→ WHAT TO PRODUCE
The lines below, from the one containing "Peninsular rock agama" through the one containing "Classic on the", should be set down exactly, with no pictures and nothing else.

→ ENTRIES SHOWN
###
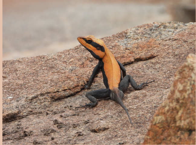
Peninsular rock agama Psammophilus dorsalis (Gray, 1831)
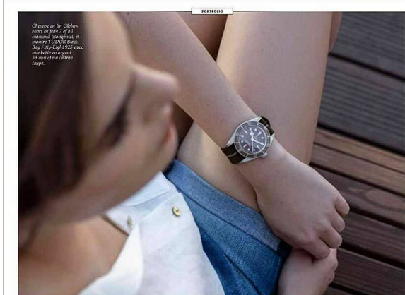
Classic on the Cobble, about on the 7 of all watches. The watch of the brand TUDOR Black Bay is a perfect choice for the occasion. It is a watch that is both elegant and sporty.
###
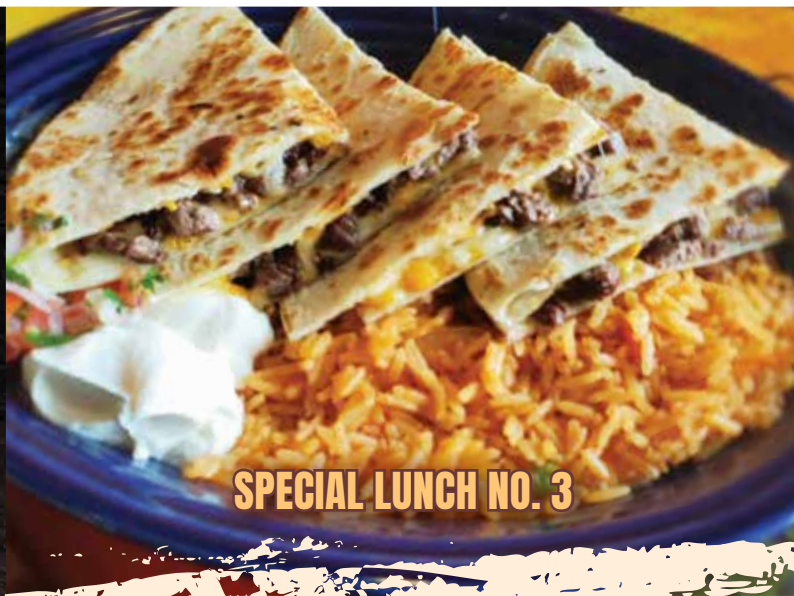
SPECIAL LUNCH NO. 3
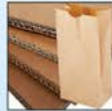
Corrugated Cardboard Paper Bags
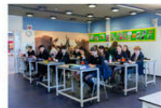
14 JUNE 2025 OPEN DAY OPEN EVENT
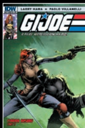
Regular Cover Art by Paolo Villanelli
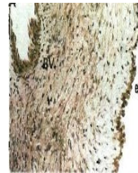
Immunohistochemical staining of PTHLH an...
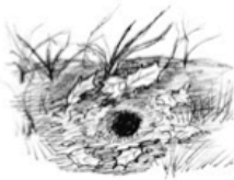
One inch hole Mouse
###
→ SOLUTION FOR THIS EXERCISE
Peninsular rock agama Psammophilus dorsalis (Gray, 1831)
Classic on the Cobble, about on the 7 of all watches. The watch of the brand TUDOR Black Bay is a perfect choice for the occasion. It is a watch that is both elegant and sporty.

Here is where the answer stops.